Why do you choose to create AI-generated images over traditional photography?

At first, it was curiosity - exploring the new tech. Now it’s because the reward-to-effort ratio for my AI-generated content far exceeds that of my photography.

Have you considered the benefits of returning to photography with real models?

I still occasionally shoot with real models, mostly “content” shoots for my Patreon. I am, however, increasingly reluctant to share photographs of real people on Flickr.

Can you create custom images upon personal requests, such as those of a spouse or partner?

Creating such images (especially if they are NSFW) requires the consent of the persons to be depicted. I am unlikely to generate images of spouses or partners, though I may be theoretically open to creating images of the person making the request (if I am reasonably satisfied that they are in fact the person they claim to be).

What ethical considerations do you take into account when determining the apparent age of the subjects in your images?

When I specify a subject's age in a prompt, it's always 18+ (usually 22-26). But AI subjects have no personal histories and no “real” age. There is no objective biographical truth about them capable of independent verification. With actual people, you can always point out that though your model may look like a teenager, she is really 22, 25 or 27. That defence doesn’t work quite as well with AI. Judgments of this sort are necessarily subjective.

I am, in this regard, responsive to the opinions of others. If I post an image and the consensus is that the fictional subject’s apparent age lies too close to the borderline, I delete it, even if I do not share this conviction.

How do you navigate copyright issues when your AI-generated images closely resemble existing artworks or photographs?

Hasn’t happened yet - and given the nature of the images I generate, it isn’t likely to happen. But of course, if this situation were to arise, I would delete the offending image without hesitation.
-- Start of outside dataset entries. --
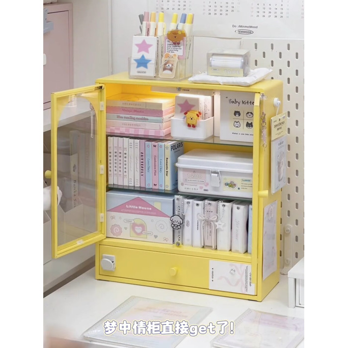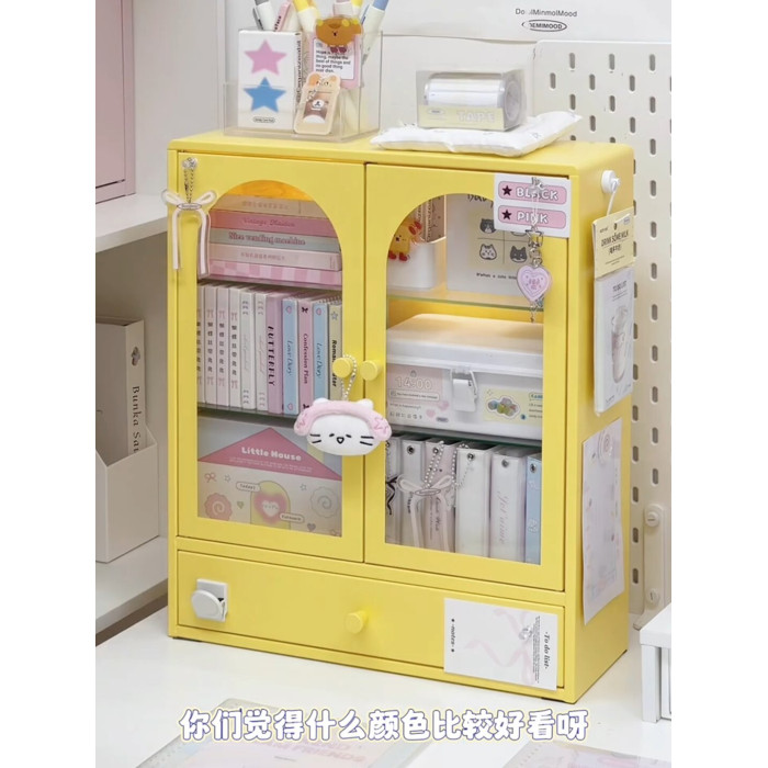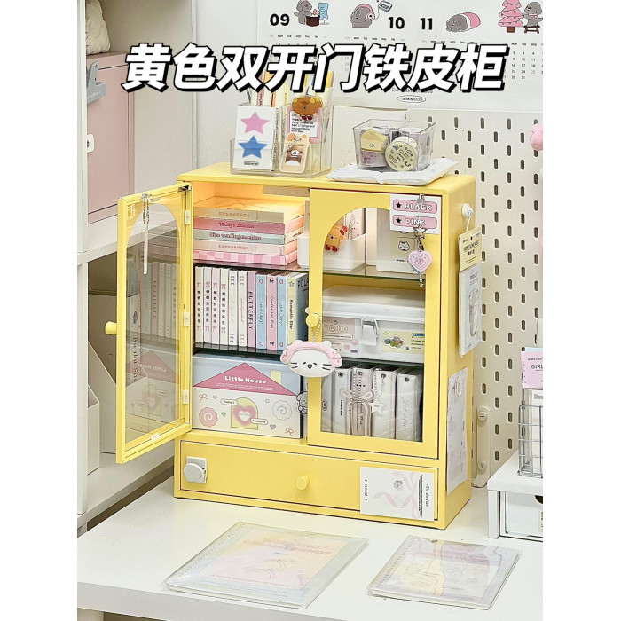 桌面鐵皮小收納櫃帶門文具化妝品手賬宿舍書桌學生置物架子收納盒
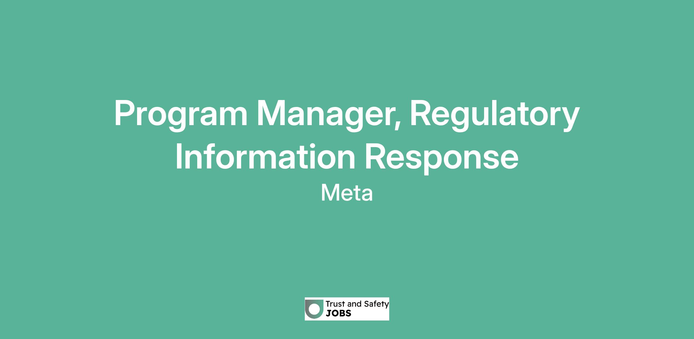 Program Manager, Regulatory Information Response
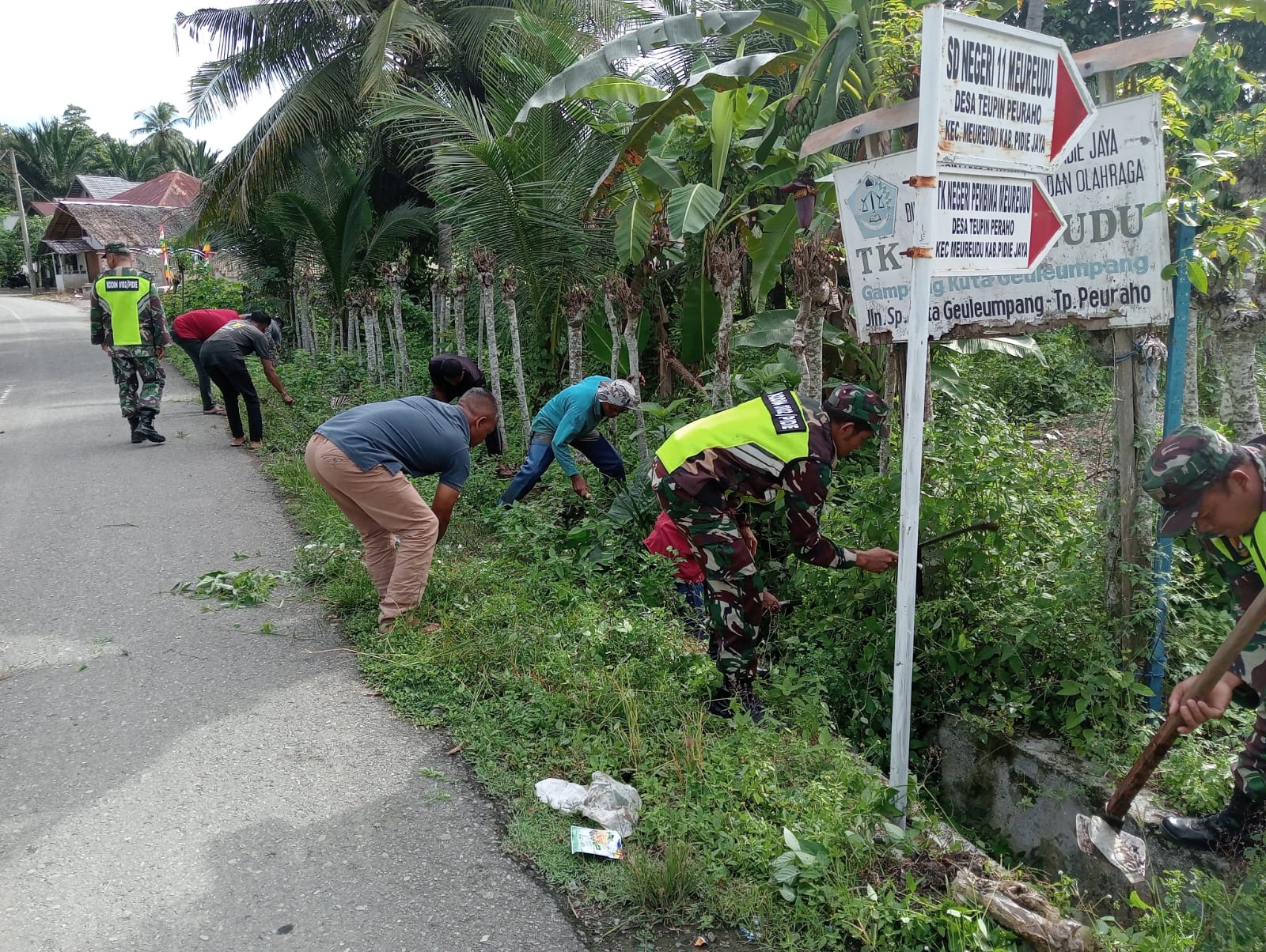 Babinsa Koramil 19/Merdu Kodim 0102/Pidie bersama lapisan masyarakat melaksanakan karya bakti membersihkan jalan dan parit di Jalan Desa Teupin Peuraho Kecamatan.Meureudu Kabupaten. Pidie Jaya….
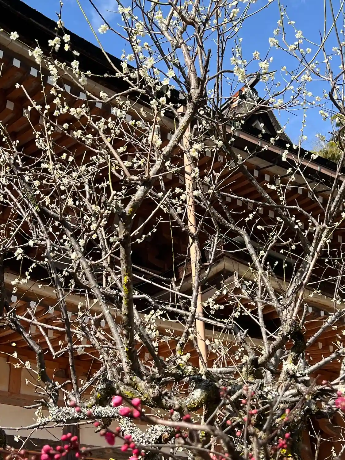 急な階段を登りお参りをする。梅の花が咲き始めており優美な雰囲気に包まれる。
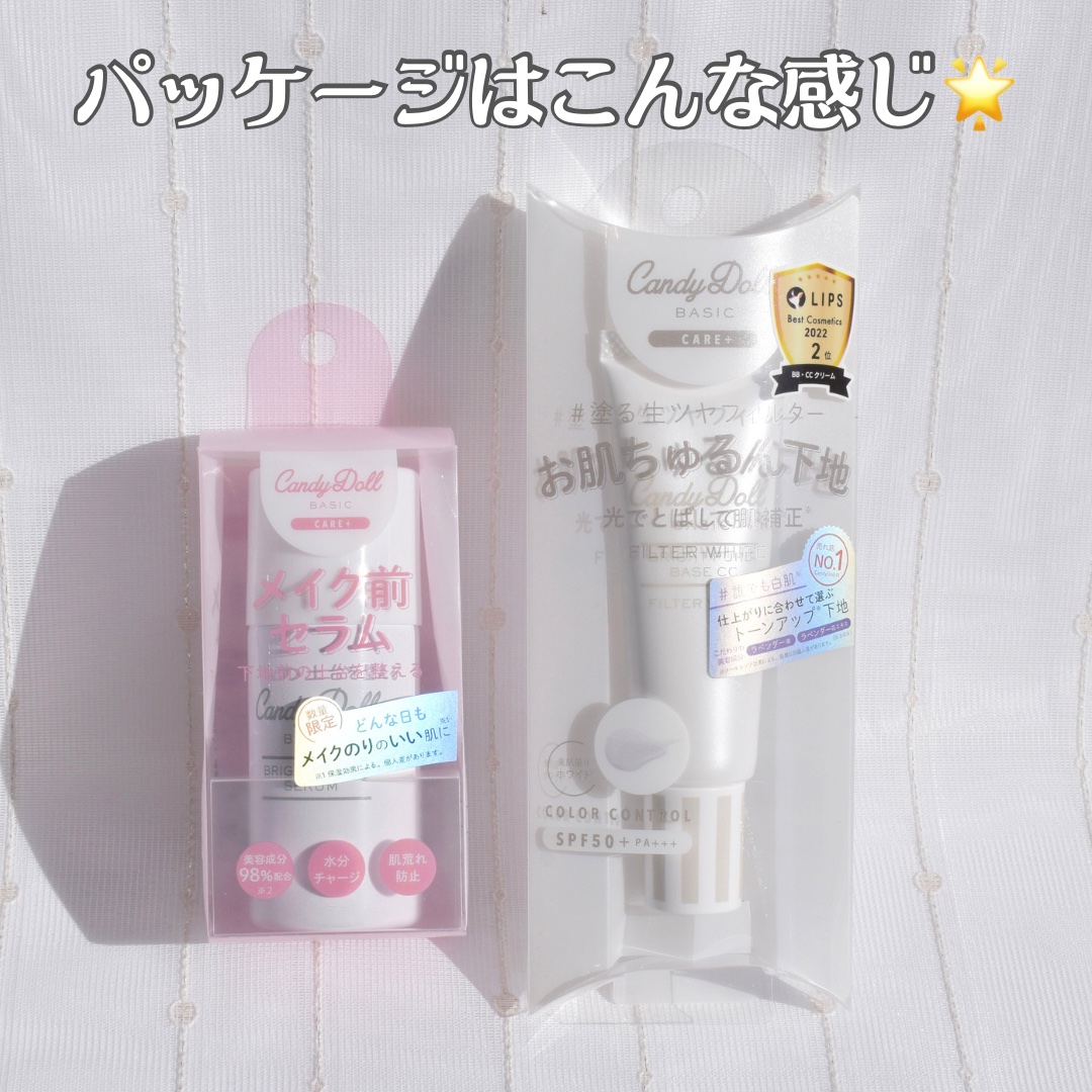 メイクで叶える透明感白肌✨ 益若つばささんプロデュースのCandyDollから、3月5日に発売されるベースメイクアイテムをお試しさせていただきました! メイク前セラムは、名前のとおりメイクの前に使う美容液スプレー。シュッと吹きかけるだけで水分をチャージして肌をなめらかに整え、ベースメイクの厚塗り感、塗りむら、乾燥や皮脂崩れを防ぐアイテムです。 ナチュラルだけど透明感が増したような印象になれるので、自然なトーンアップが叶うアイテムだと思います✨
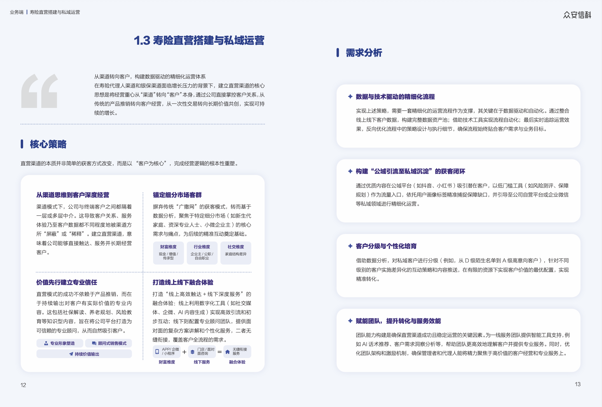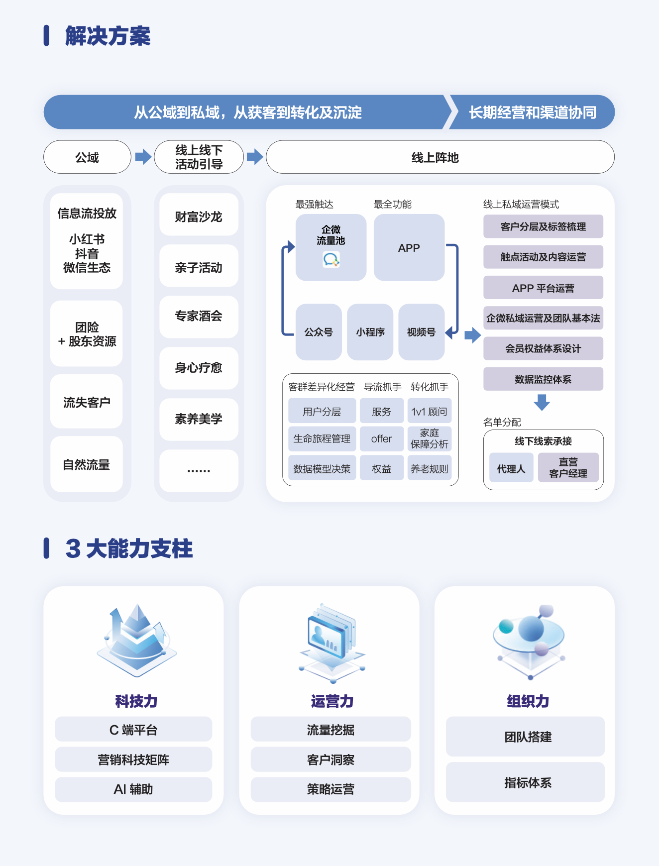 寿险直营搭建与私域运营:通过将经营重心从渠道转向客户,构建以数据驱动、客户为中心的精细化运营体系。以价值内容建立专业信任,聚焦细分客群实现精准互动,并融合“线上高效引流+线下深度服务”的一体化体验,最终完成从产品推销到长期客户经营的逻辑重塑,实现可持续增长。

How do you respond to critiques that your work might contribute to objectifying women?

That’s a difficult one. I suppose my response is that the images I create are, in fact, visual objects and are meant to be treated as such. They do not depict actual people who might have feelings to hurt or other human traits worth valuing. They are, in fact, alternative foci of interest. When we cast our objectifying gaze (on these entities that happen in this case to actually be objects), we are not objectifying women.

But does permitting or encouraging this attitude toward AI art have pernicious effects on the culture at large? Does it foster habits of mind and speech that inevitably bleed into the real world? That’s a variant of an old and contentious question: how does our media diet affect our behaviour? In what direction does the arrow of causation point? Does watching violent movies make me more violent or might they be release valves, outlets for urges that might otherwise find expression elsewhere? If I cheer enthusiastically as a fictional villain is dismembered, do I debase myself? Am I thereby contributing to a culture of operatically choreographed violence and villain dismemberment?

How do you ensure diversity and inclusivity in your AI-generated art?

Angela Carter once described pornography as “art with work to do.” While what I create isn’t pornography, the vast bulk of it falls under the rubric of, to use the currently fashionable term, “content.” It has to work in a certain way, and there are definite criteria for success and failure.

In this context, diversity and inclusivity apply only to the extent that it would be unwise of me to allow any prejudices or preconceptions I may have to unduly restrict the range of subjects I explore when generating images. To this end, I make extensive use of wildcards that, for instance, insert a randomly selected nationality into a prompt when I need a subject. Some selected items work better than others, of course, both based on my subjectivity and on the expressed preferences of my audience. Successful terms and subjects are reused. Unsuccessful ones are modified or discarded.